**What to work on:** Return an exact copy of the data, starting at its first line and ending at the line that contains "法式珍珠山茶花抽拉项链女小众轻奢高级感毛衣链秋冬长款百搭配饰", minus any pictures.

**Data below:**
_ _ _ _ _
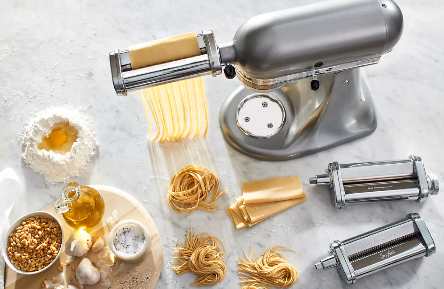 If you’re not sure where to get started making your own pasta, KitchenAid® stand mixer attachments can help. Explore a whole range of pasta attachments that enable you to roll and cut up to four different kinds of pasta, including spaghetti and capellini, or press pasta like rigatoni and fusilli. You can also start with your own customized flour blend by milling your own grains with the KitchenAid® Grain Mill attachment.
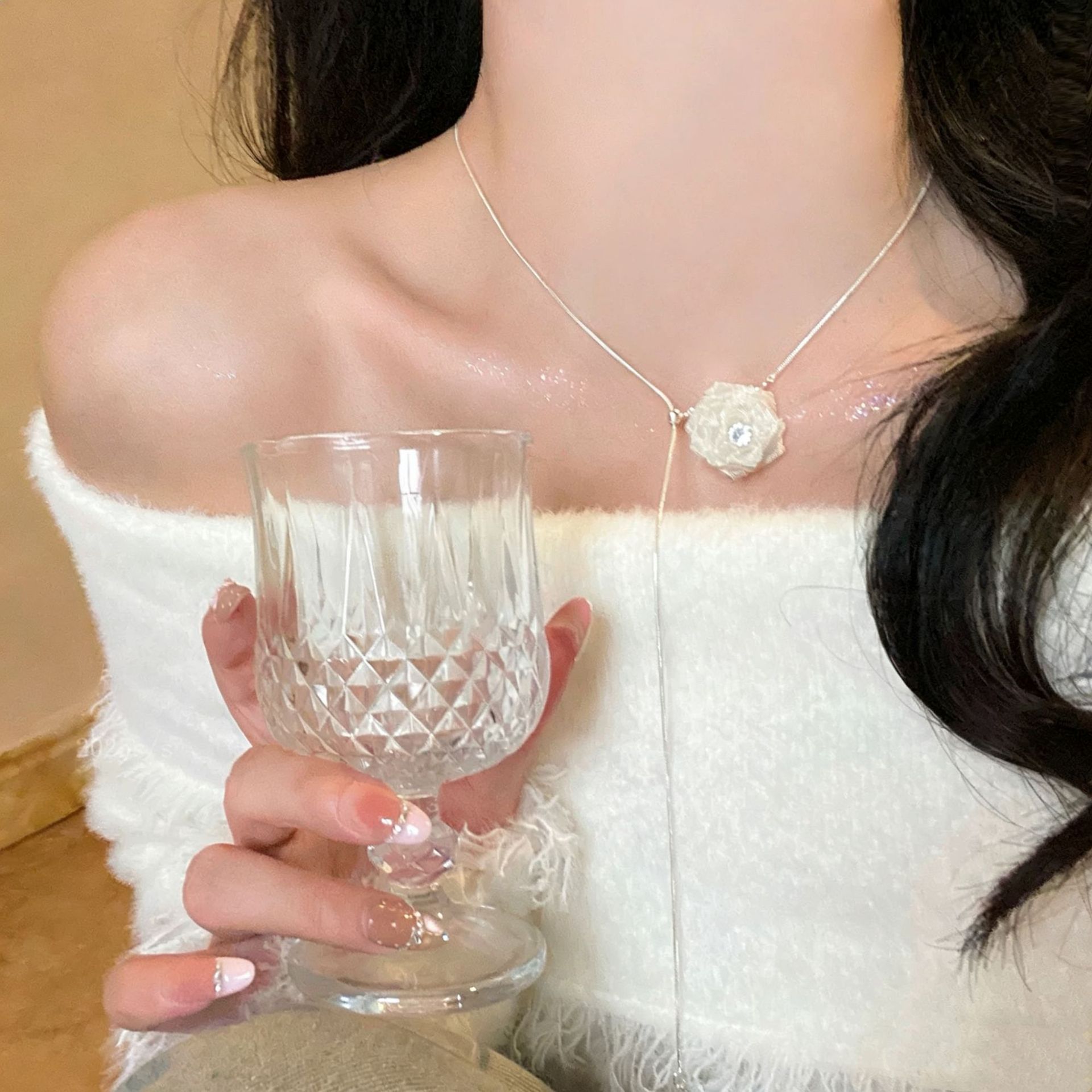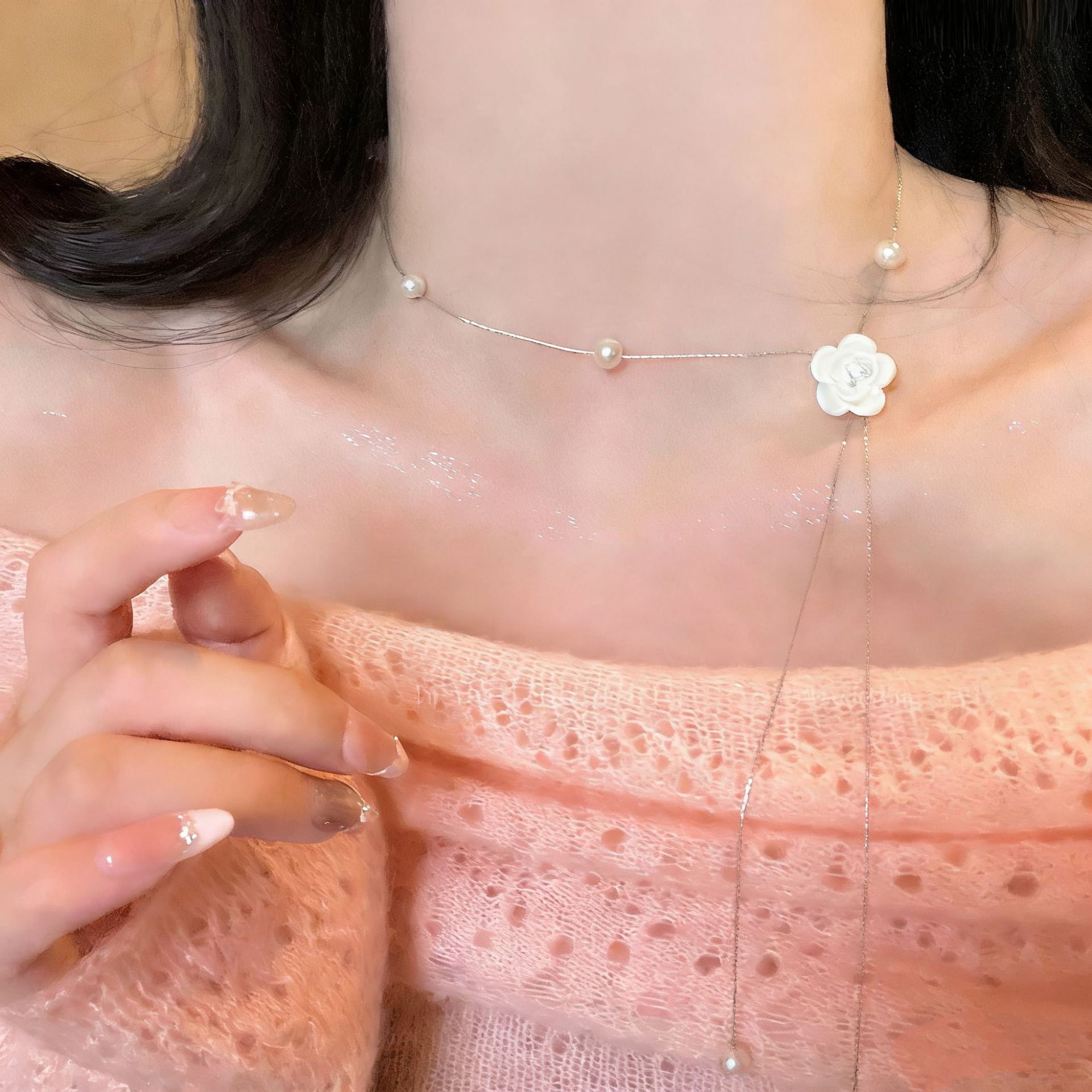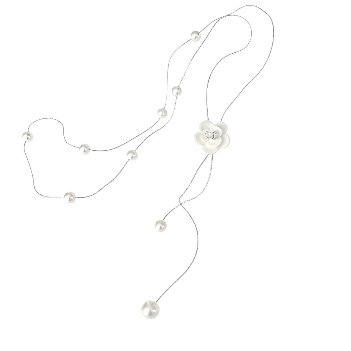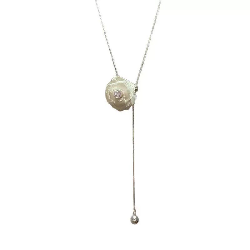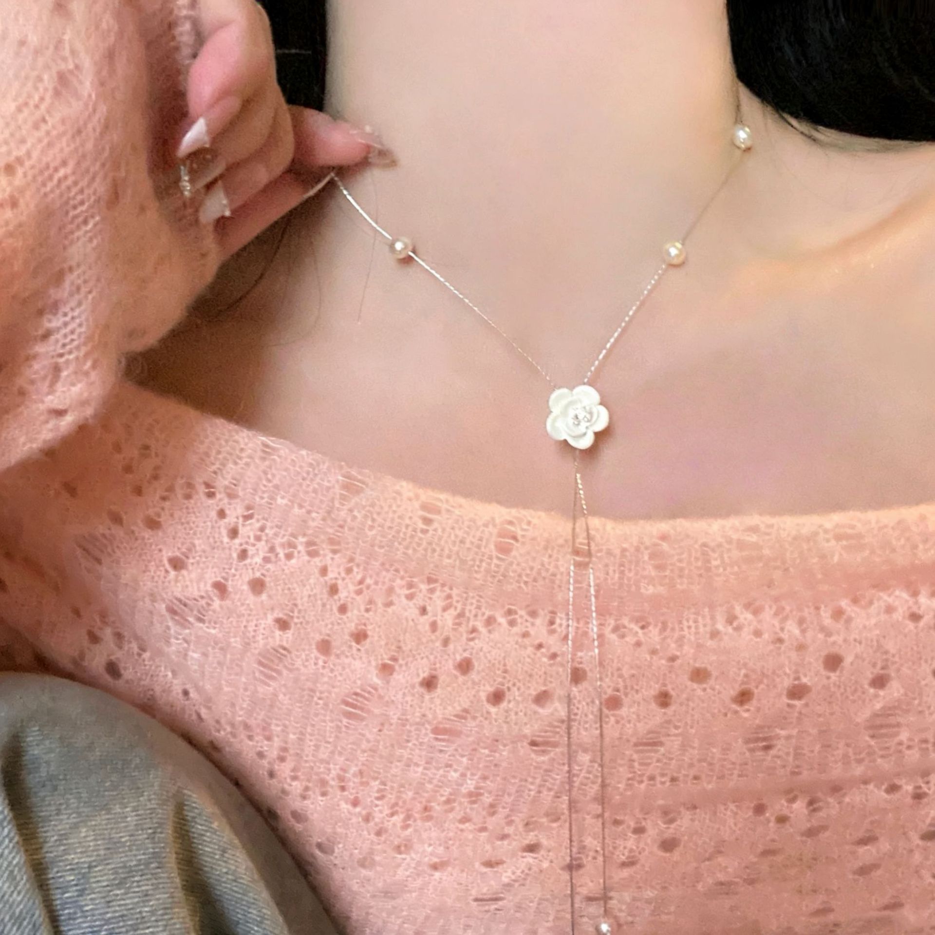 法式珍珠山茶花抽拉项链女小众轻奢高级感毛衣链秋冬长款百搭配饰
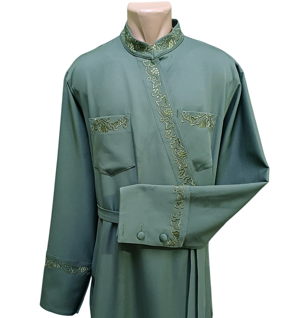 Подрясник греческий Хаки Костюмная ткань 50р Вышивка Виноград
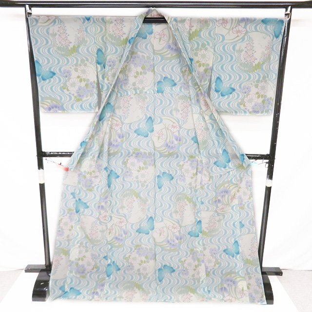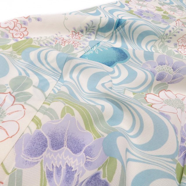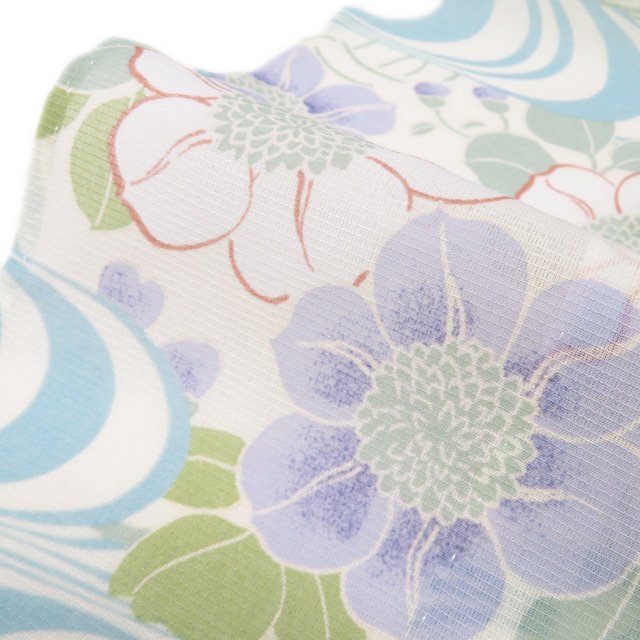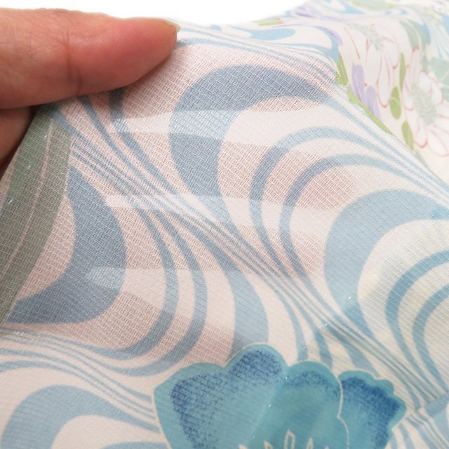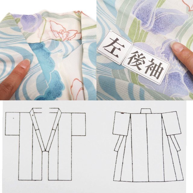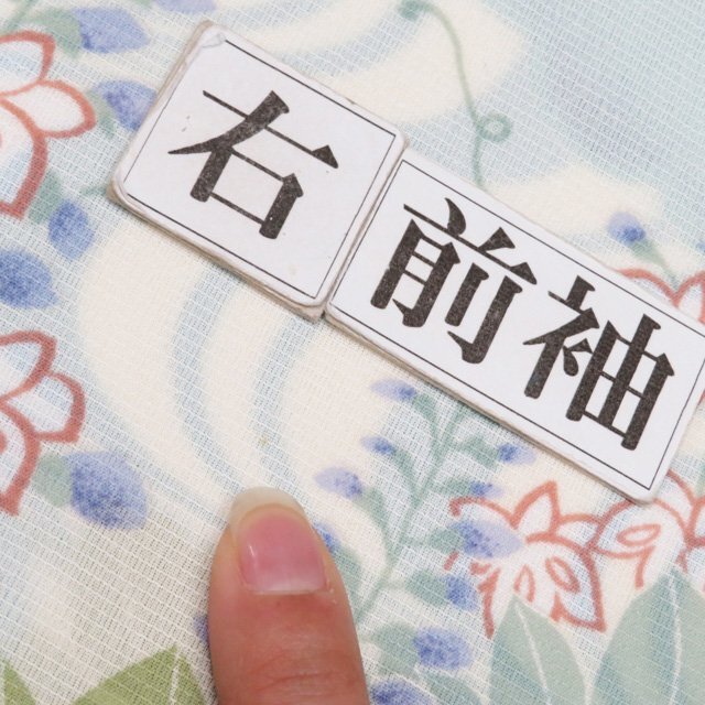 丈177cm(+0) 裄73.5cm(+0) 袖丈52cm(+3.5) 前幅24.5cm 後幅30.5cm ※サイズのお直し、承ります。 (身丈のみ、身幅のみのお直しは承っておりません) ※身丈は肩から測っております。 ※()内は※()内の数字はお直しで直せる長さを示しています。お仕立て直しの場合は胴裏を付け替えるため、さらに長く直せる場合があります。詳しくはお問い合わせください。 単位:cm 素材 ポリエステル 商品ランク C ●着用時期 7月、8月(+-2週間) ●着用シーン 観劇、ご友人との食事、お買い物など ●お色 白色 水色 多色 京都は嵐山の人気ブランド【撫松庵】によるお着物でございます。 ファッションとして日常を彩る、モードでスタイリッシュなデザインを追求するというブランドコンセプトに違わぬ、洗練された美が際立つひと品でございます。より魅力的に、華やかに…撫松庵がおくる夏の装いを、是非お楽しみ下さいませ。 左後袖山、右前袖、右襟に少しシミがございますが、まだまだご着用いただけるお品物です。 居敷当ての付いていない、バチ襟仕立てのお品物です。 涼やかな和のお洒落をお楽しみくださいませ。 写真に写っている着物のみの販売で、帯等の付属品はついておりません。 一部商品は実店舗・他サイトでも並行して販売しておりますので売り切れの際はご了承ください。 その他多数販売中 oku | ||||||
_ _ _ _ _
**Output for this exercise:**
 If you’re not sure where to get started making your own pasta, KitchenAid® stand mixer attachments can help. Explore a whole range of pasta attachments that enable you to roll and cut up to four different kinds of pasta, including spaghetti and capellini, or press pasta like rigatoni and fusilli. You can also start with your own customized flour blend by milling your own grains with the KitchenAid® Grain Mill attachment.
 法式珍珠山茶花抽拉项链女小众轻奢高级感毛衣链秋冬长款百搭配饰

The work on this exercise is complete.